◆ YOUR GOAL: Repeat every entry word for word. Images do not belong in the copy.

◆ DATA RECORDS:

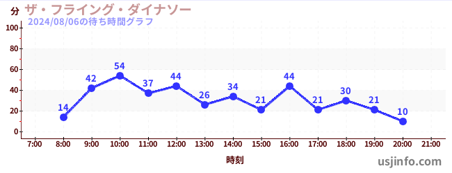 • ザ・フライング・ダイナソー$B$N(B2024年08月06日の待ち時間
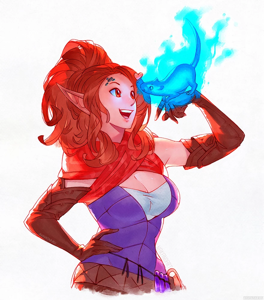 a fantasy character who appears to be an elf with red hair. She is wearing what looks like medieval or fantasy armor, and she has
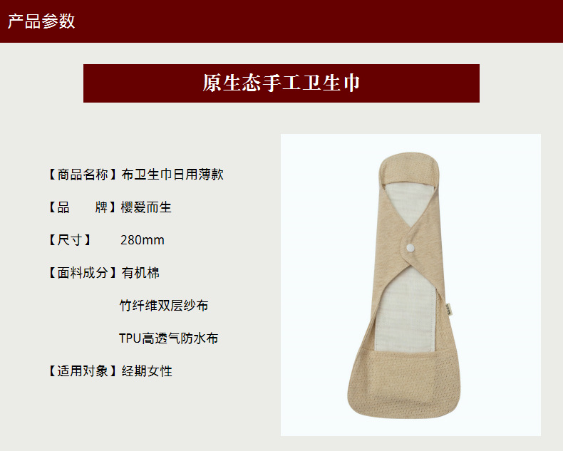 有机彩棉可水洗卫生巾 有防水层日用卫生巾280mm柔软透气 防过敏
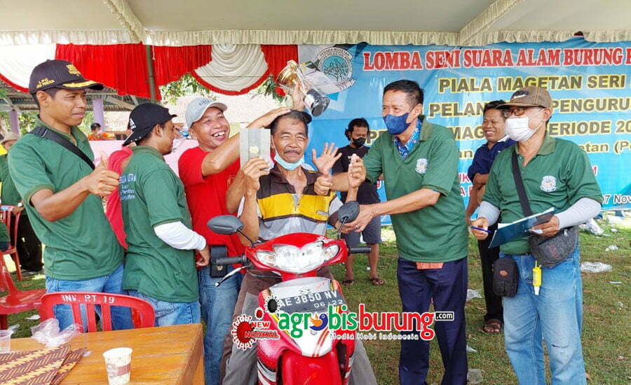 MAGETAN, agrobisburung.com – Satu lagi pengda di pengwil Jawa Timur resmi dilantik oleh ketua pengwil Jawa TImur H Gunawan, setelah sekian lama roda organisasinya vakum. Acara yang dilaksanakan dengan label lomba Piala Pengda Magetan # 1 2021 dalam ranghka pelantikan pengurus pengda yang baru ini di gelar pada Minggu (07/11). Hadir langsung ketua pengwil Jatim beserta beberapa pengurus pengwil untuk melantik ketua dan pengurus baru pengda Magetan untuk periode 2021 – 2025 dan melantik secara resmi Eko Prasetyo sebagai ketua pengda Magetan. “Selamat kepada ketua baru, semoga dengan formasi lengkapnya Magetan akan semakin maju hobi perkutut-nya dan ke depannya gelaran gelaran latber/lomba bisa selalu di galakkan,” ucap H Gunawan, ketua pengwil jawa timur.
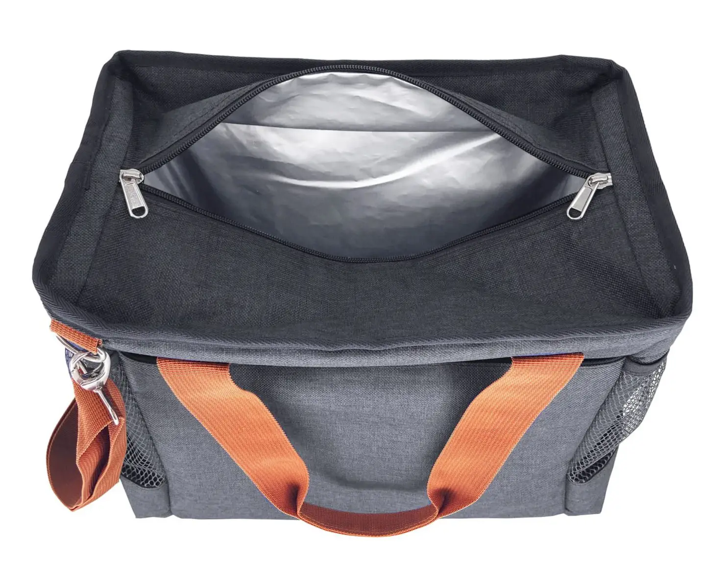 Prezentowana torba Escapade w kolorze szarym podobnie jak plecaki z tej samej kolekcji wykonana została z wytrzymałego, nadającego się do prania w pralce poliestru 600DD. Pomimo dość niedużych wymiarów produkt zapewnia pojemność 20 L. Wewnątrz torby znajduje się izolowana komora, która sprawia, że przenoszona w niej żywność i napoje na dłużej zachowają pożądaną temperaturę (posłuży ona jako przenośna lodówka). Mocne paski i niezbyt duża waga umożliwiają łatwe i wygodne przenoszenie produktu, pozwalając na zabranie go m.in. na wyjazd, wycieczkę czy spacer połączony z piknikiem. Można go zarówno zawiesić na ramieniu - regulowany pasek jak i transportować w ręce - umieszczone po obu stronach mniejsze uchwyty.
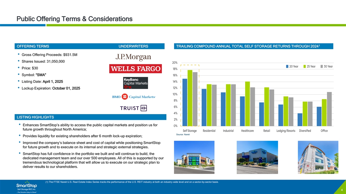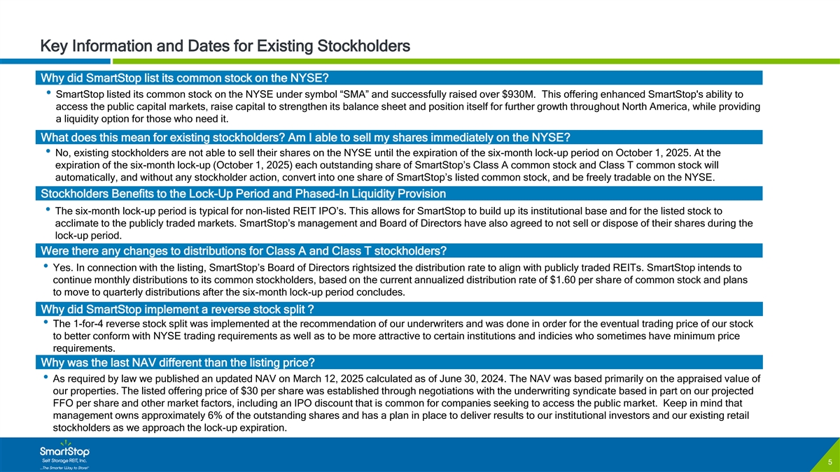 C O N F I D E N T I A L Public Offering Terms & Considerations 1 OFFERING TERMS UNDERWRITERS TRAILING COMPOUND ANNUAL TOTAL SELF STORAGE RETURNS THROUGH 2024 • Gross Offering Proceeds: $931.5M • Shares Issued: 31,050,000 • Price: $30 • Symbol: “SMA” • Listing Date: April 1, 2025 • Lockup Expiration: October 01, 2025 LISTING HIGHLIGHTS • Enhances SmartStop’s ability to access the public capital markets and position us for future growth throughout North America; Source: Nareit • Provides liquidity for existing shareholders after 6 month lock-up expiration; • Improved the company’s balance sheet and cost of capital while positioning SmartStop for future growth and to execute on its internal and strategic external strategies. • SmartStop has full confidence in the portfolio we built and will continue to build, the dedicated management team and our over 500 employees. All of this is supported by our tremendous technological platform that will allow us to execute on our strategic plan to deliver results to our shareholders. (1) The FTSE Nareit U.S. Real Estate Index Series tracks the performance of the U.S. REIT industry at both an industry-wide level and on a sector-by-sector basis. 4
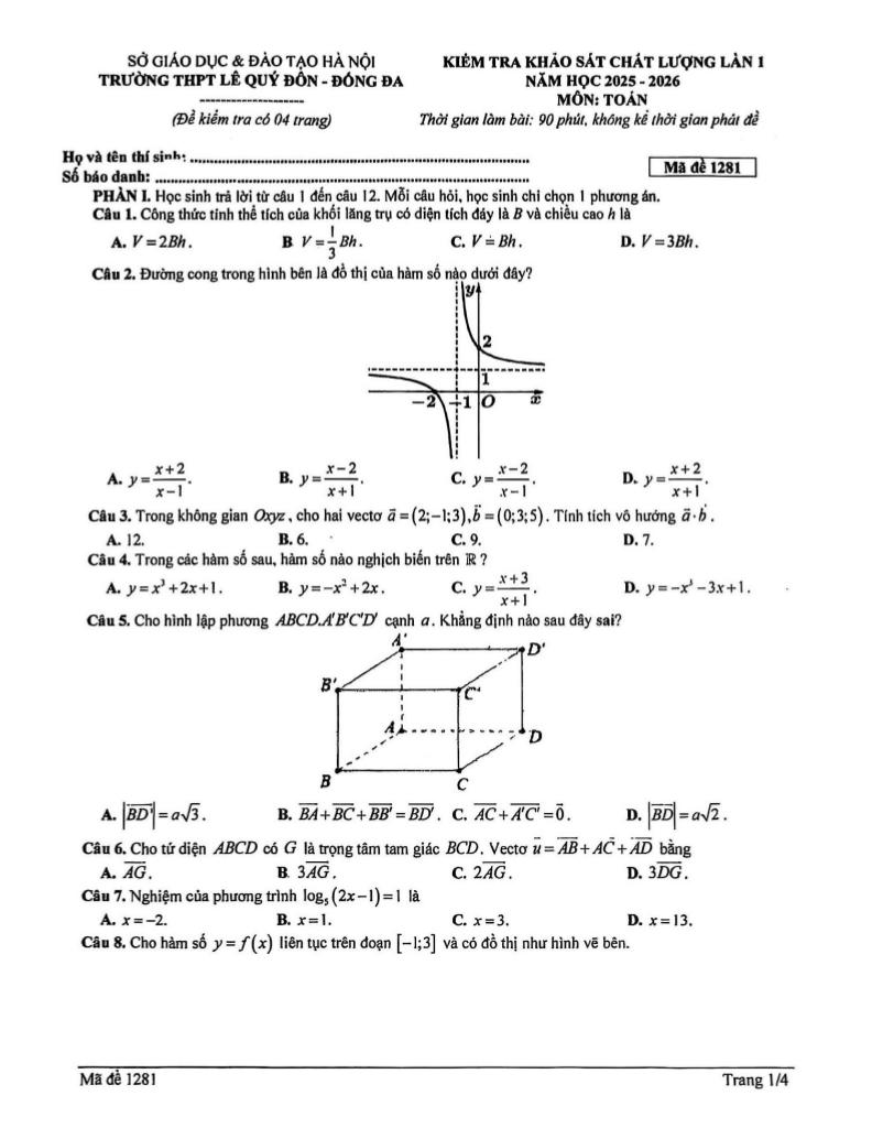 Giải Toán đề khảo sát toán 12 lần 1 năm 2025 – 2026 trường thpt lê quý đôn – hà nội với Đáp Án Mới Nhất
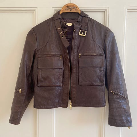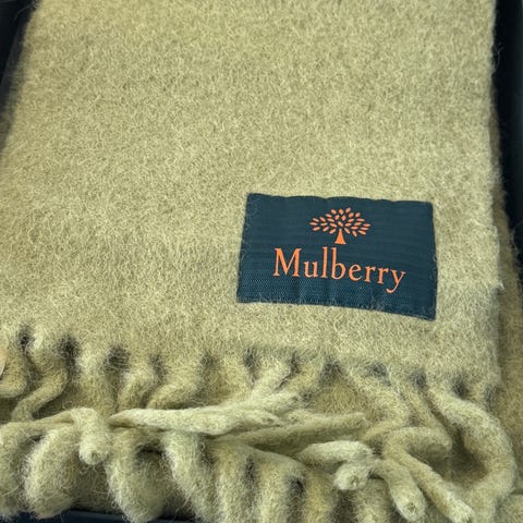 Velholdt Mulberry frakke i størrelse M. Frakken er fremstillet i bomuld og har et multifarvet ternet mønster. Modellen har lynlås og knaplukning foran, krave og cape-lignende overdel, samt lommer foran og en inderlomme med lynlås.
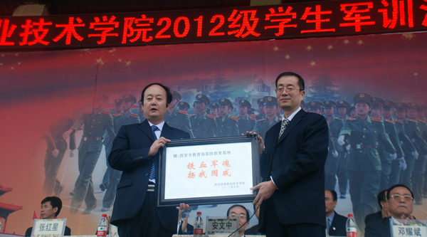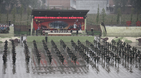 9月25日上午,贝博官网2012级新生军训汇演暨开学典礼在西安市教育局国防教育基地隆重举行。学院党委书记安文中、院长田和平、副院长邓耀斌、翁谦锁,西安市教育局国防教育基地书记韩新、基地主任张红星、基地副主任刘登毅及学院各系部处室负责人冒雨出席了大会,大会由龙首校区主任、本次军训学院总负责史艺农主持。
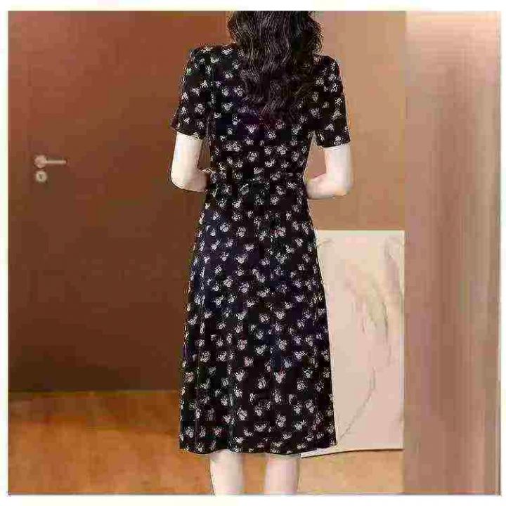 碎花裙女夏季新款女长款修身显瘦方领短袖小黑裙子法式收腰连衣裙260件,独...

◆ EXERCISE SOLUTION:
 • ザ・フライング・ダイナソー$B$N(B2024年08月06日の待ち時間
 a fantasy character who appears to be an elf with red hair. She is wearing what looks like medieval or fantasy armor, and she has
 有机彩棉可水洗卫生巾 有防水层日用卫生巾280mm柔软透气 防过敏
 MAGETAN, agrobisburung.com – Satu lagi pengda di pengwil Jawa Timur resmi dilantik oleh ketua pengwil Jawa TImur H Gunawan, setelah sekian lama roda organisasinya vakum. Acara yang dilaksanakan dengan label lomba Piala Pengda Magetan # 1 2021 dalam ranghka pelantikan pengurus pengda yang baru ini di gelar pada Minggu (07/11). Hadir langsung ketua pengwil Jatim beserta beberapa pengurus pengwil untuk melantik ketua dan pengurus baru pengda Magetan untuk periode 2021 – 2025 dan melantik secara resmi Eko Prasetyo sebagai ketua pengda Magetan. “Selamat kepada ketua baru, semoga dengan formasi lengkapnya Magetan akan semakin maju hobi perkutut-nya dan ke depannya gelaran gelaran latber/lomba bisa selalu di galakkan,” ucap H Gunawan, ketua pengwil jawa timur.
 Prezentowana torba Escapade w kolorze szarym podobnie jak plecaki z tej samej kolekcji wykonana została z wytrzymałego, nadającego się do prania w pralce poliestru 600DD. Pomimo dość niedużych wymiarów produkt zapewnia pojemność 20 L. Wewnątrz torby znajduje się izolowana komora, która sprawia, że przenoszona w niej żywność i napoje na dłużej zachowają pożądaną temperaturę (posłuży ona jako przenośna lodówka). Mocne paski i niezbyt duża waga umożliwiają łatwe i wygodne przenoszenie produktu, pozwalając na zabranie go m.in. na wyjazd, wycieczkę czy spacer połączony z piknikiem. Można go zarówno zawiesić na ramieniu - regulowany pasek jak i transportować w ręce - umieszczone po obu stronach mniejsze uchwyty.
 C O N F I D E N T I A L Public Offering Terms & Considerations 1 OFFERING TERMS UNDERWRITERS TRAILING COMPOUND ANNUAL TOTAL SELF STORAGE RETURNS THROUGH 2024 • Gross Offering Proceeds: $931.5M • Shares Issued: 31,050,000 • Price: $30 • Symbol: “SMA” • Listing Date: April 1, 2025 • Lockup Expiration: October 01, 2025 LISTING HIGHLIGHTS • Enhances SmartStop’s ability to access the public capital markets and position us for future growth throughout North America; Source: Nareit • Provides liquidity for existing shareholders after 6 month lock-up expiration; • Improved the company’s balance sheet and cost of capital while positioning SmartStop for future growth and to execute on its internal and strategic external strategies. • SmartStop has full confidence in the portfolio we built and will continue to build, the dedicated management team and our over 500 employees. All of this is supported by our tremendous technological platform that will allow us to execute on our strategic plan to deliver results to our shareholders. (1) The FTSE Nareit U.S. Real Estate Index Series tracks the performance of the U.S. REIT industry at both an industry-wide level and on a sector-by-sector basis. 4
 Giải Toán đề khảo sát toán 12 lần 1 năm 2025 – 2026 trường thpt lê quý đôn – hà nội với Đáp Án Mới Nhất
 Velholdt Mulberry frakke i størrelse M. Frakken er fremstillet i bomuld og har et multifarvet ternet mønster. Modellen har lynlås og knaplukning foran, krave og cape-lignende overdel, samt lommer foran og en inderlomme med lynlås.
 9月25日上午,贝博官网2012级新生军训汇演暨开学典礼在西安市教育局国防教育基地隆重举行。学院党委书记安文中、院长田和平、副院长邓耀斌、翁谦锁,西安市教育局国防教育基地书记韩新、基地主任张红星、基地副主任刘登毅及学院各系部处室负责人冒雨出席了大会,大会由龙首校区主任、本次军训学院总负责史艺农主持。
 碎花裙女夏季新款女长款修身显瘦方领短袖小黑裙子法式收腰连衣裙260件,独...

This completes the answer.